Anti-dentine Salivary SIgA in young adults with a history of dental trauma in deciduous teeth

Anti-dentin autoantibodies are associated with inflammatory root resorption in permanent teeth and are modulated by dental trauma and orthodontic force. However, it is not known whether deciduous tooth trauma can stimulate the development of a humoral immune response against dentin. The aim of this study was to evaluate the levels of salivary SIgA reactivity against human dentin extract in young adults with a history of trauma in the primary dentition. A sample of 78 patients, aged 18 to 25, who had completed an early childhood (0 to 5 years old) caries prevention program years earlier at the Universidade Estadual de LondrinaPediatric Clinic, underwent radiographic examination and salivary sampling. Anti-dentin SIgA levels were analyzed by immunoenzymatic assay and Western blotting.
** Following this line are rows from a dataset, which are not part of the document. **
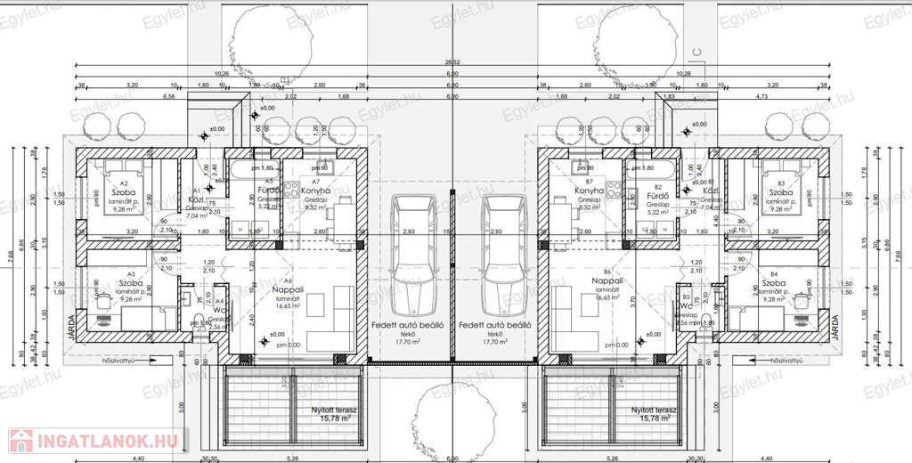 Minden telken, társasházi okirattal, betétesített helyrajzi számon 2 lakóegység kerül kialakításra. (Egyedi megoldás is kérhető személyes konzultáció során!)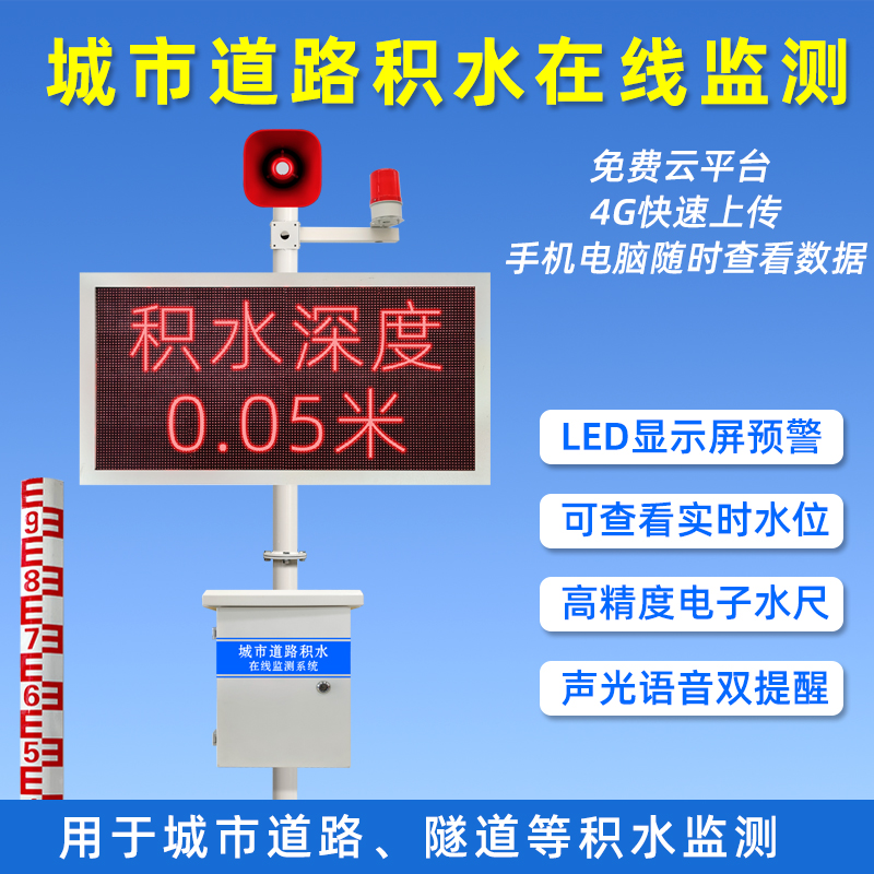 城市道路积水监测系统由LED显示屏、电控箱、报警灯、语音播报器、三米立杆、太阳能供电系统(选配)组成。电子水尺通过485通信,将测量到的水位信息传输到远程遥测终端,遥测终端将得到的水位值通过4G通讯模块,再传送到后台服务器,然后传送到手机、电脑上查看实时数据。同时可以将检测到的水位值,实时显示在LED屏上,水位超限会触发扬声器和语音播报双重报警,建立起城市内涝监测预警系统。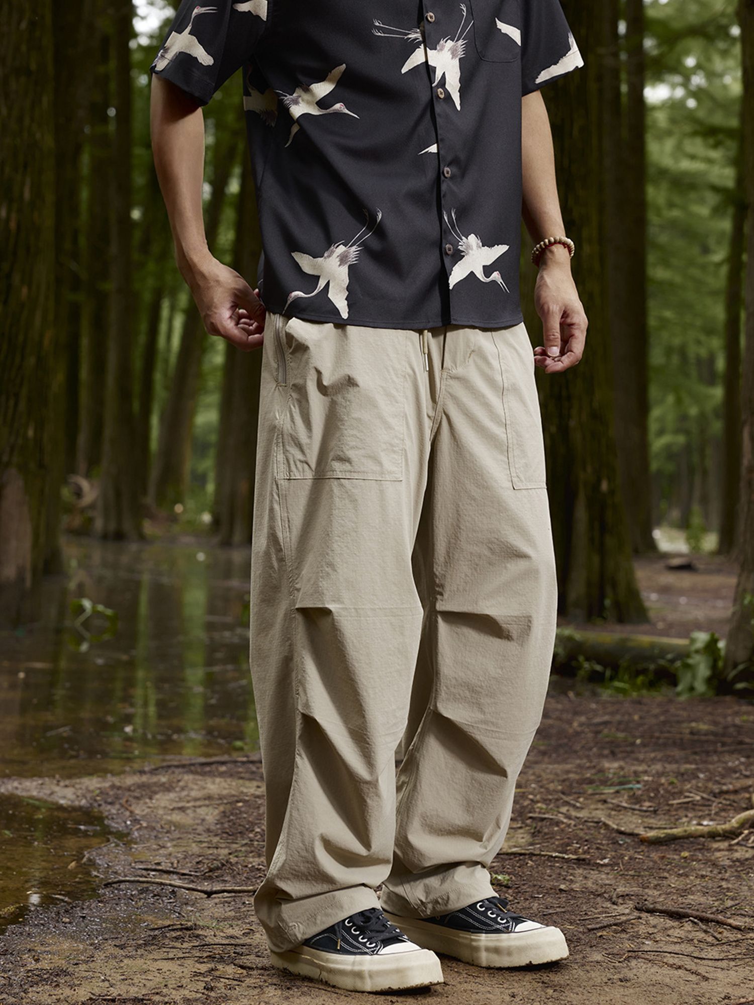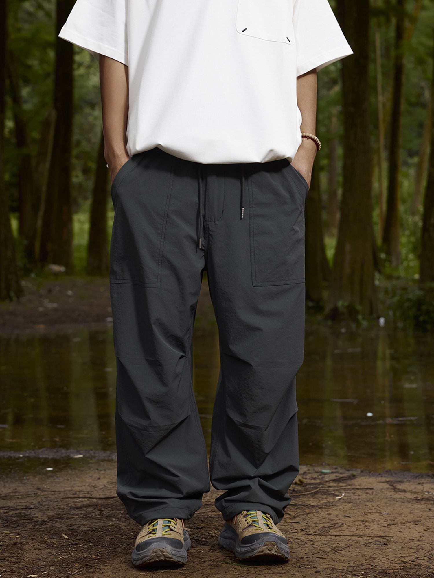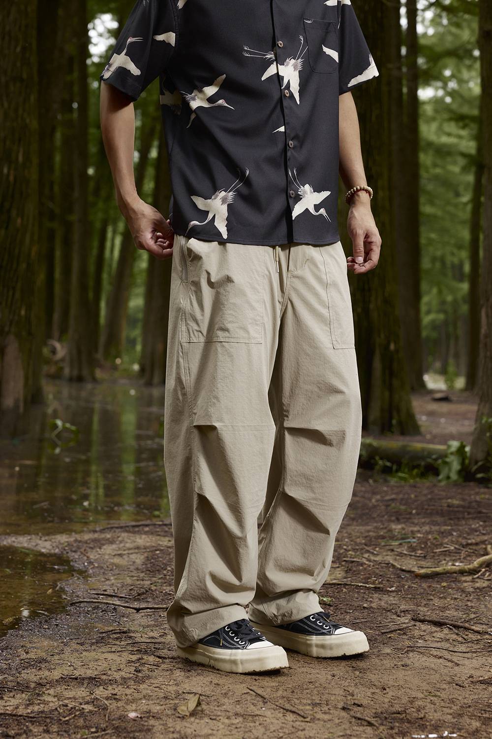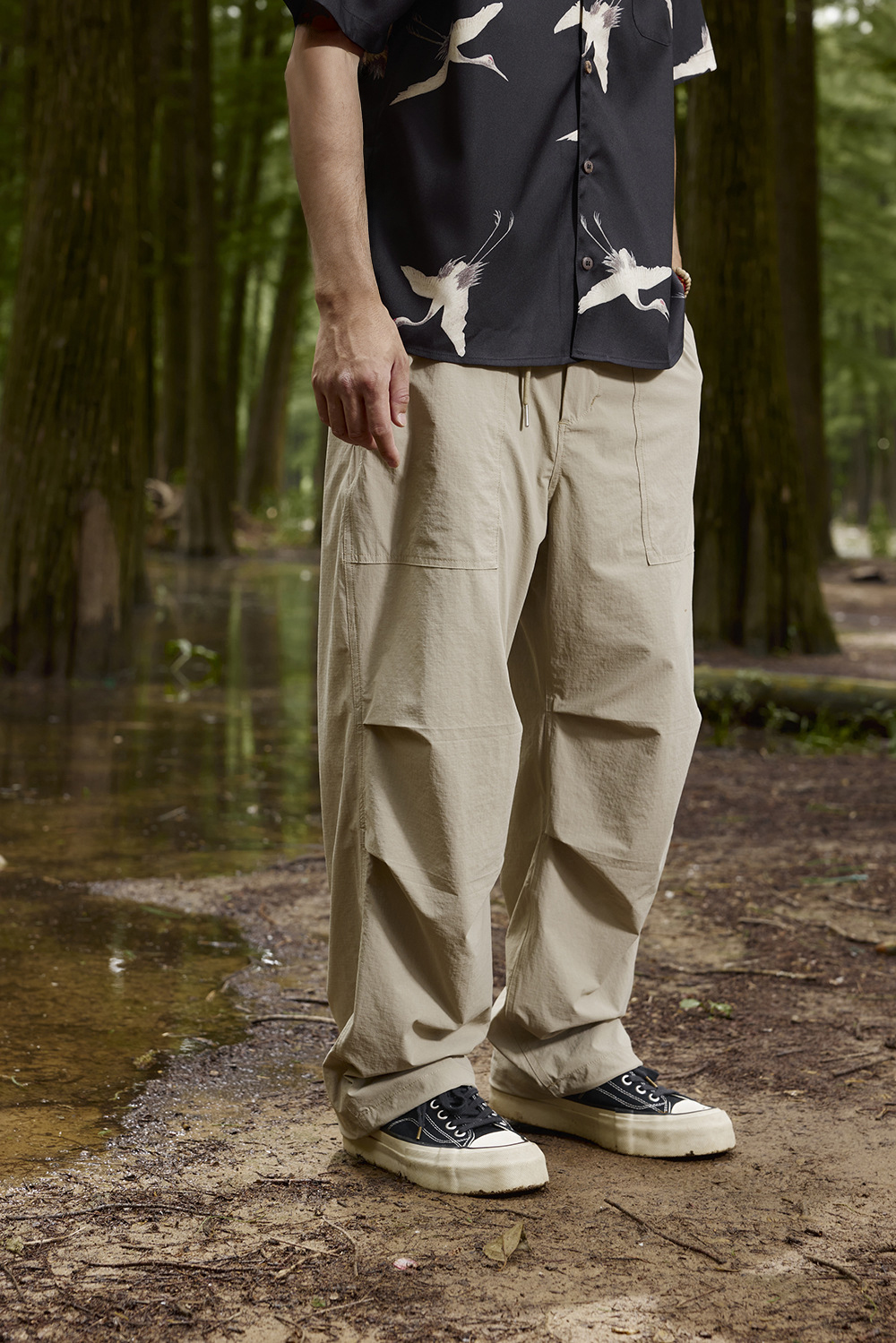 - YKK 브랜드 지퍼, 허리 밴딩+스트링, 양 사이드 포켓과 힙 포켓 구성

Although dental trauma to deciduous teeth had occurred in 34 (43.6%) of the patients, no differences in SIgA levels were detected between individuals who had experienced trauma and those who had not (p > 0.05). Multivariate regression analysis showed no association between dental trauma and SIgA levels (p > 0.05). Patients with a history of deciduous trauma presented low levels of anti-dentin antibodies, associated with orthodontic root resorption (p < 0.05). Western blot analysis showed that salivary antibodies recognized a single band of approximately 45 kDa in dentin extract. We concluded that salivary SIgA recognizes a specific component of the dentin matrix and that anti-dentin antibodies were not triggered by trauma to primary teeth. However, trauma to deciduous teeth may down-modulate SIgA in response to orthodontic root response.